Dynamic worker registration is also available. Parents can open a registration port with workerreg=<port>, and worker instances can self-register with workerregurl=<url> and heartbeat via workerreginterval=<ms>.
Streaming, Debugging, and Safety
Recent releases added several runtime improvements that are useful in production setups:
planner_streamSSE events distinguish planning tokens from normal answer tokens whenusestream=true.showthinking=truesurfaces XML-tagged<thinking>...</thinking>blocks as thought logs for providers that emit them.debugfile=<path>writes debug output as NDJSON instead of flooding the console with raw blocks.debugvalchroutes validation-model debugging to its own channel whenllmcomplexity=true.maxpromptcharscaps inbound web prompt size before any model call is made.- Untrusted input blocks and prompt normalization reduce prompt-injection risk from goals, chat text, and attachments.
mini-a workermode=true onport=9090
Other agents or applications can then delegate tasks to this worker instance.
Planning & Multi-Agent Delegation
For complex goals, mini-a can plan a series of steps before executing them, and optionally delegate subtasks to child agents or remote workers.
Think of delegation as an orchestration layer: one parent agent manages task decomposition, parallel execution, and result aggregation across multiple workers.
Planning Styles
| Style | Description |
|---|---|
simple |
Flat sequential steps — generates and executes one step at a time (default) |
legacy |
Phase-based hierarchical planning — creates a structured multi-phase plan upfront |
# Enable planning (simple style, default)
mini-a useplanning=true
# Use legacy hierarchical planning
mini-a useplanning=true planstyle=legacy
Delegation
When delegation is enabled, the main agent can spawn child agents to handle independent subtasks in parallel.
# Enable delegation to child agents
mini-a usedelegation=true
Delegation also works with remote workers — the main agent can send subtasks to mini-a instances running in worker mode on other machines.
Worker registration is also supported: set workerreg to a port to have mini-a start a worker registration HTTP server, optionally protected by workerregtoken.

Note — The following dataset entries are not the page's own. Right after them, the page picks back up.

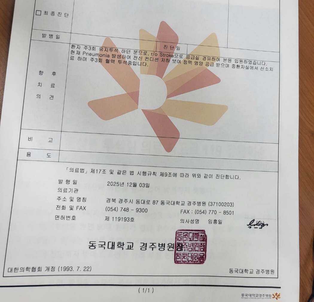 소견서에 따르면 “출혈 및 혈압저하로 뇌경색 새로 발생, 이후 폐렴 동반, 물도 삼키지 못하는 상태로 중환자실 치료 중.” 출혈 → 쇼크 → 뇌경색 → 폐렴 → 연하장애 → 중환자실로 이어지는 명백한 중대 의료사고의 임상 경과가 의심된다.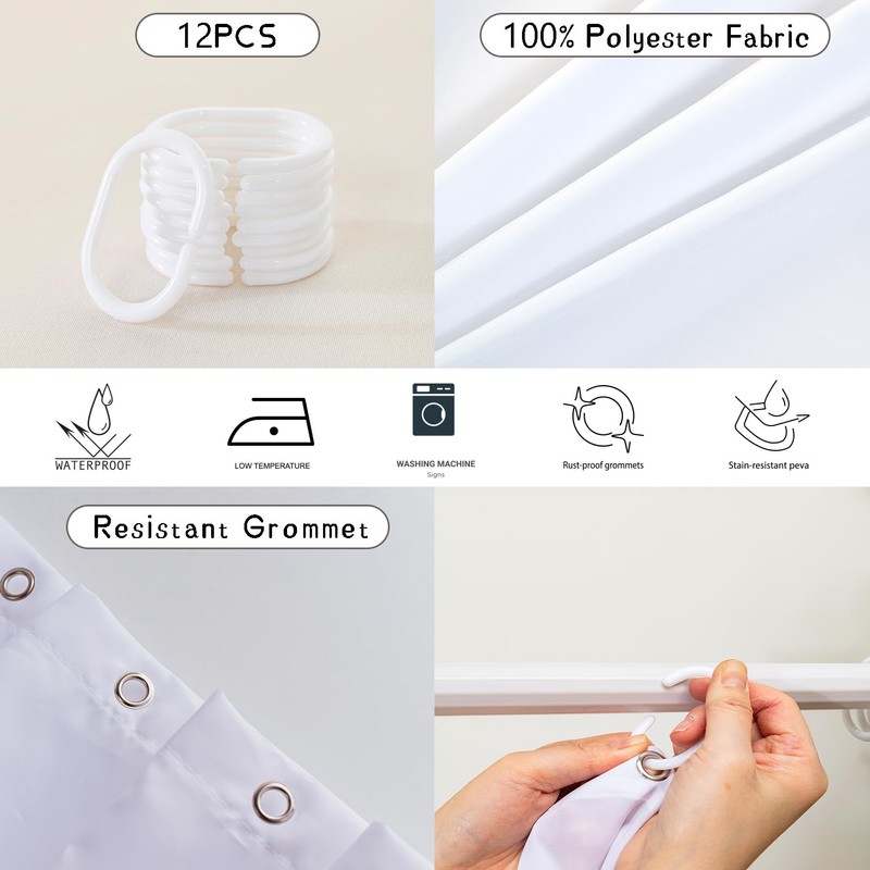 - Easy Installation & Maintenance: Each shower curtain includes 12 hooks, making installation a breeze. The reinforced buttonholes ensure secure and stable hanging, preventing the curtain from slipping or falling. They are designed for hassle-free machine washing and quick drying, allowing you to enjoy a fresh and clean shower curtain whenever needed
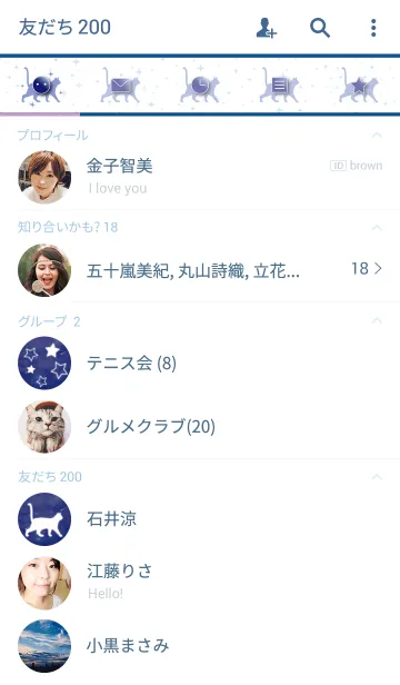星空で描かれた可愛い猫の着せかえです。幻想的で美しいデザインで、とても見やすくトーク画面を邪魔しません。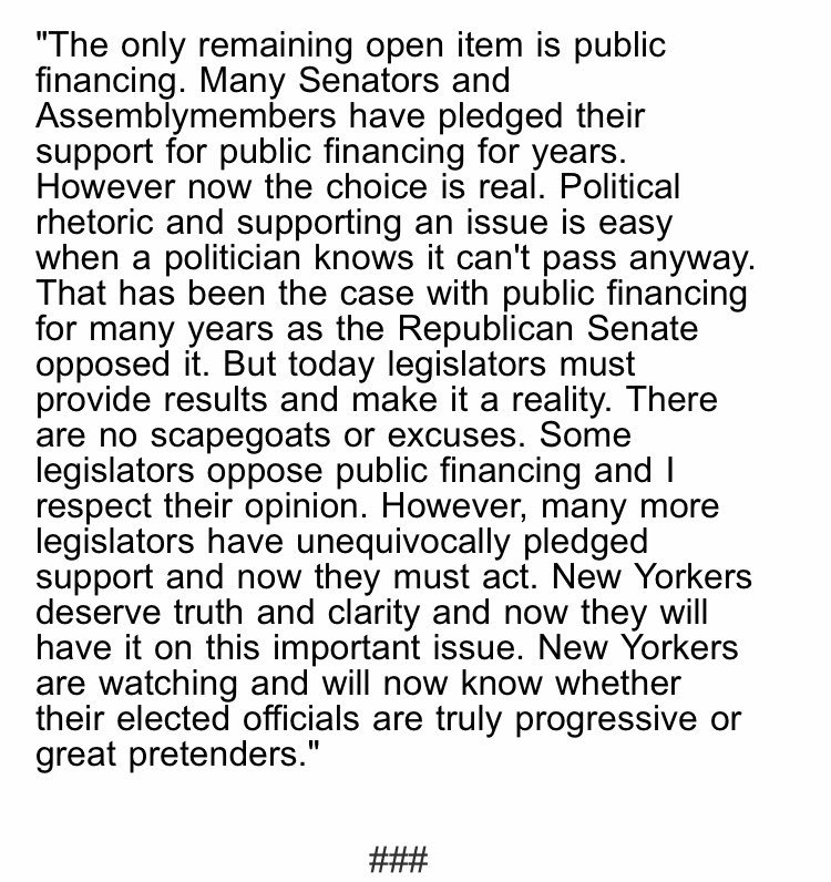 The sham proposals by the Democrats and their community allies protect incumbents and discriminate against parties like the Greens or Libertarians. We need a full public system like Maine and AZ. NYC partial system still results in big money domination. http://www.gpny.org/green_party_calls_proposed_public_matching_funds_proposal_a_sham …https://twitter.com/TweetBenMax/status/1112131896396472320 …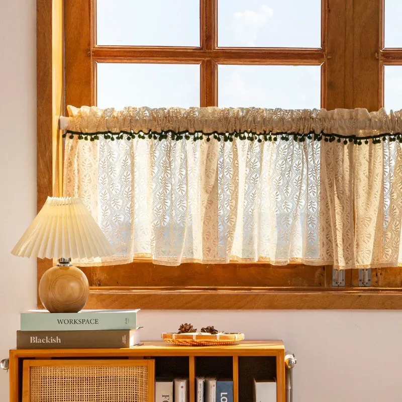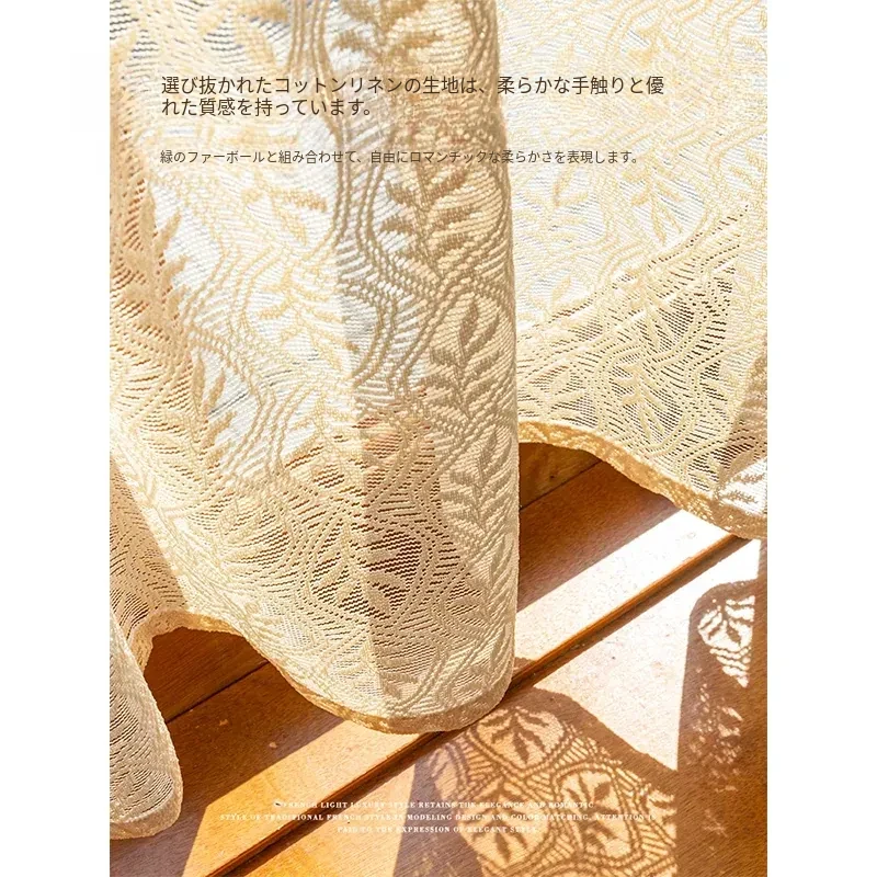 ベージュの葉柄ファー付き短カーテン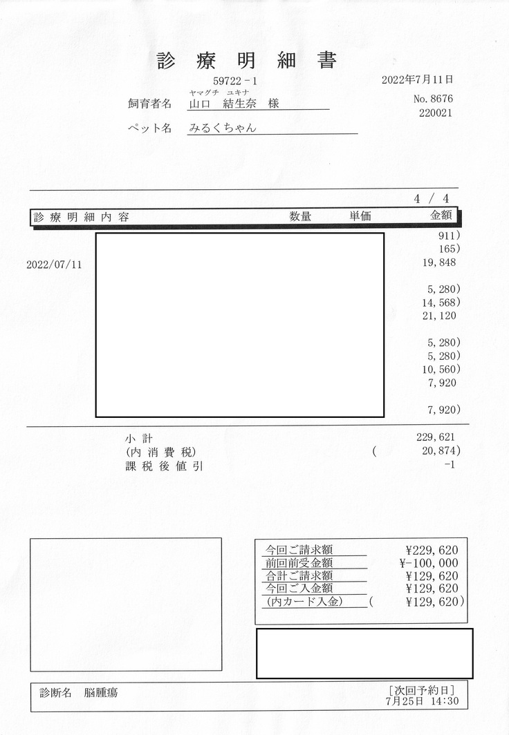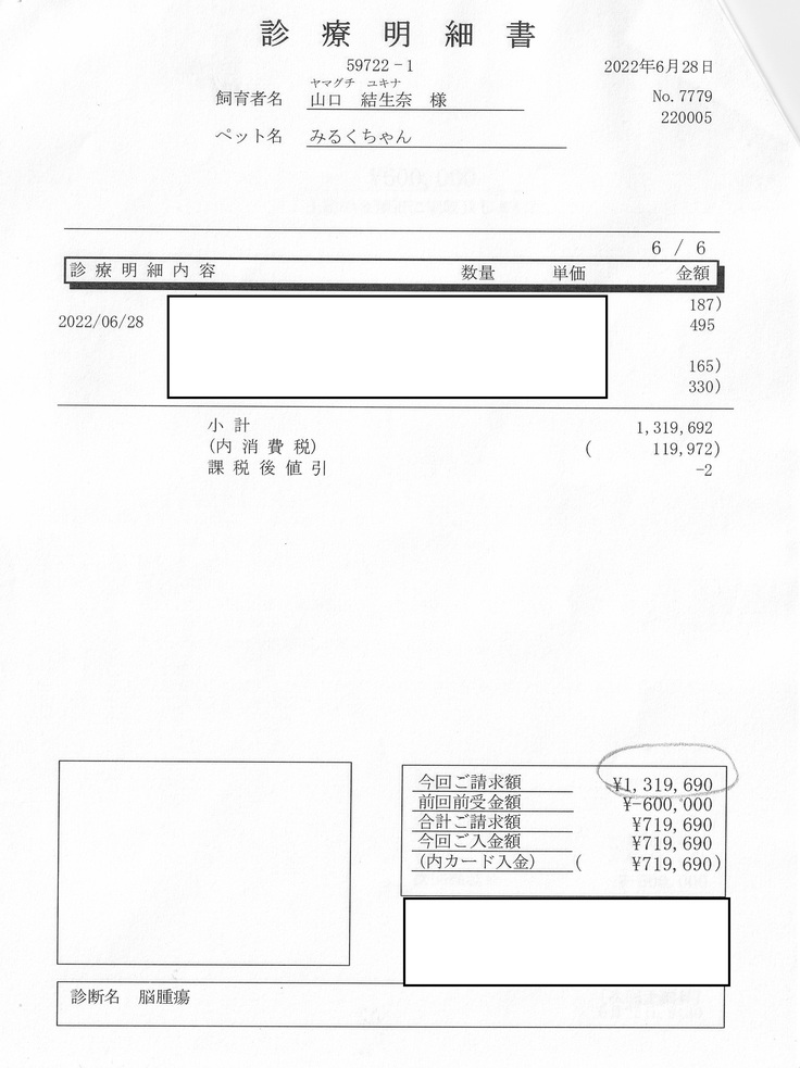一刻も早く手術をし、みるくの脳腫瘍の進行を食い止めたく、決断を最優先とし、高額な費用は借金することで現在は、治療を継続中です。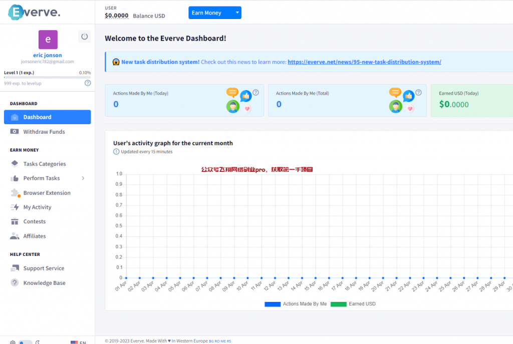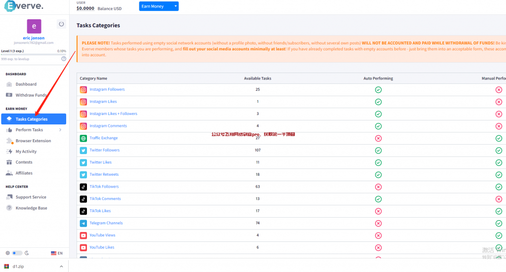 大家好,我是飞翔!最近看到有人在卖国外everve平台的全自动挂机点赞关注的项目,说是脚本全自动给INS,推特,tiktok等平台点赞关注评论赚钱的,一个窗口一天大概1-2美金,一台电脑可以开很多窗口,一天大概可以赚30美金。每天把脚本挂起来就行了,脚本全自动运行,不需要人工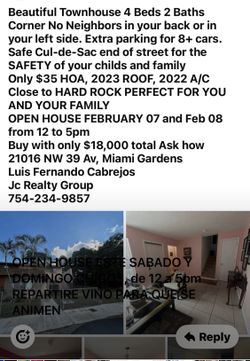 4Beds 2Baths 2 Floors Corner openhouse Feb 7&8 12 To 5pm$375Pompano Beach, FL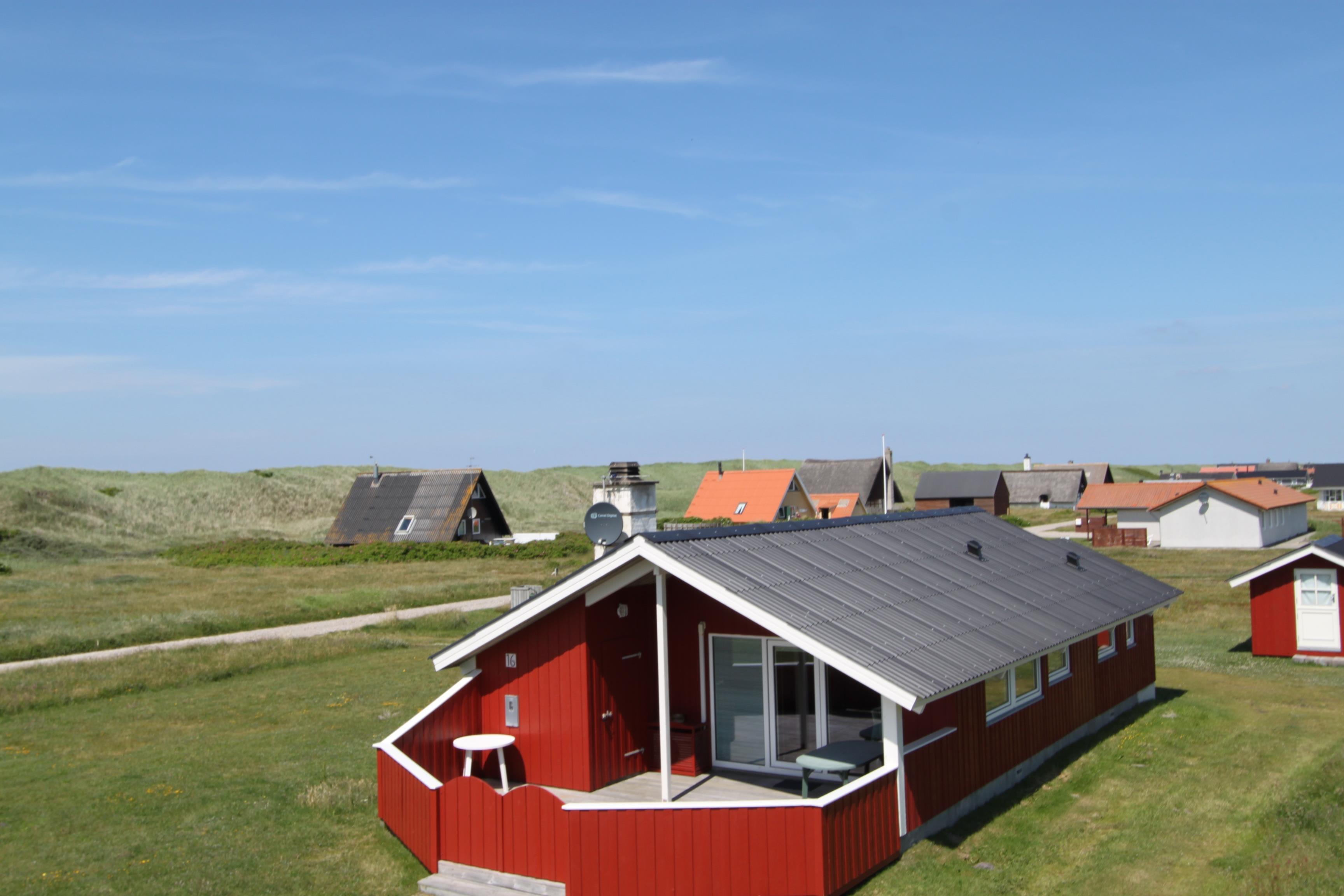 Hyggeligt feriehus til 6 personer beliggende tæt på Vesterhavet på en åben naturgrund.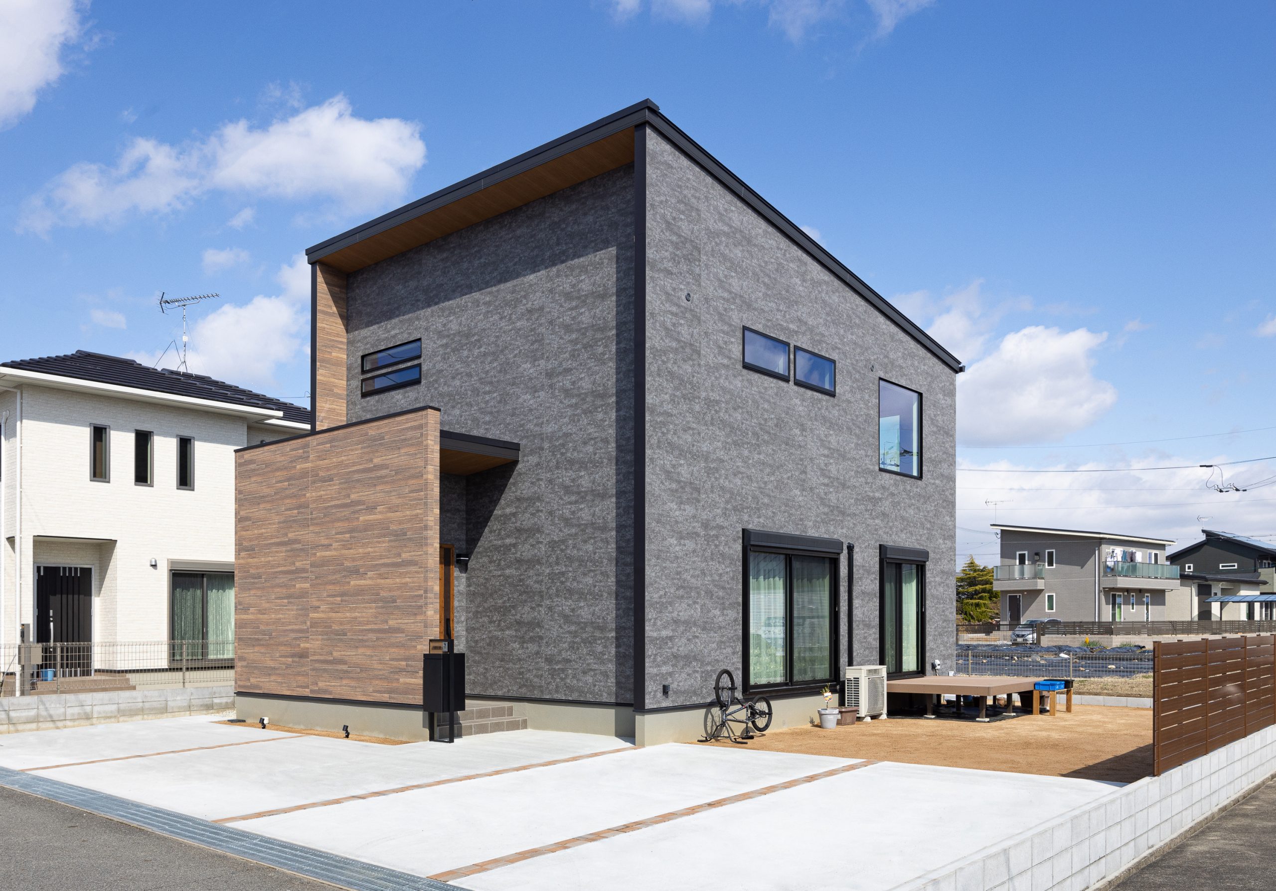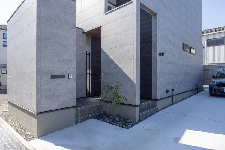長方形を重ねたデザインが特徴的なシックでモダンな外観は、スタイリッシュな雰囲気を演出してくれます。落ち着いたグレーは自然と調和し、木目の玄関扉や植栽を引き立てます。窓や採光開口部を取り入れることで、温もりを感じられるつくりに仕上がりました。

Use workerevictionttl to evict stale worker entries, and delegationmaxdepth to cap recursive delegation chains.
Worker Skills (A2A)
Workers can advertise specific capabilities as A2A skills. The parent reads each worker’s /.well-known/agent.json AgentCard and uses declared skills to route subtasks intelligently.
# Start a shell-capable worker (auto-emits the "shell" A2A skill)
mini-a workermode=true onport=9091 shellworker=true
# Start a worker with custom skills
mini-a workermode=true onport=9092 \
workerskills="shell,time" \
workerspecialties="finance,data-analysis"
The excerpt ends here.